El consenso aparentemente alcanzado para aprobar una ley sobre temas impositivos es un anuncio de cordura. El Gobierno no puede imponer su autoridad, por racionales que sean sus decisiones, en un ambiente de desconfianza. Para reconstruir su autoridad, debe usar el ejercicio honesto del diálogo, abierto a todos y en todas las circunstancias. A su vez, los grupos sociales deben identificarse como parte de un país más grande y complejo y no negar legitimidad a ideas que no coincidan con las suyas. Las aspiraciones de sectores de la población, por legítimas que pudieran ser, no pueden ser planteadas en términos de radical demanda o exigencia, sino acomodadas a la situación crítica que vivimos.
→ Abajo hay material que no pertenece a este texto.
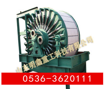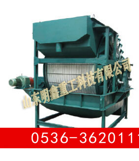 GZC真空永磁過濾機為上部給料的筒型外濾式真空永磁過濾機,主要適用于對較粗顆粒強磁性物料的脫水。 筒體內(nèi)部裝有鍶鐵氧體****磁系,可促使磁性顆粒迅速吸附到濾布表面,磁濾機主要用于粒度較粗的強磁性礦物精礦礦漿的脫水,由于是上部給料,使得濾餅中精礦按粒度分層的效果更加明顯,當磁性精礦形成濾餅時,顆粒同時受到重力和磁力的作用,粗顆粒精礦比細顆粒精礦向濾布運動的快,精粒首先接觸濾布,故濾餅的透氣性好,而且礦漿中磁性顆粒在磁力吸引下呈放射狀布于圓筒表面,并由于磁系極性變化而產(chǎn)生磁攪動作用,這都成為濾餅易脫水的有利條件,使得濾餅厚且透氣性好,顯著的提高了生產(chǎn)率,與同規(guī)格的筒形真空過濾機相比,其效率提高三倍以上。 該機礦漿中固相顆粒的比磁化系數(shù)不低于3000*10-6厘米/克,顆粒粒度為0.15-0.8毫米。給料濃度60%。 |

En las actuales circunstancias, todos los ecuatorianos debemos llegar a un consenso sobre un conjunto de objetivos, que el Gobierno debe ejecutar de inmediato, poniendo énfasis en los de corto plazo, para apaciguar los espíritus. La carga de sacrificios necesaria para el efecto debe ser repartida de manera justiciera, es decir exigiendo más a quienes más pueden contribuir para el progreso general.
Recuperada la serenidad colectiva, habrá que pensar en un mecanismo eficaz para que se lleve a cabo un diálogo nacional permanente en el que los intereses particulares se subordinen al bien general de la nación y respondan a las condiciones objetivas de la vida nacional e internacional.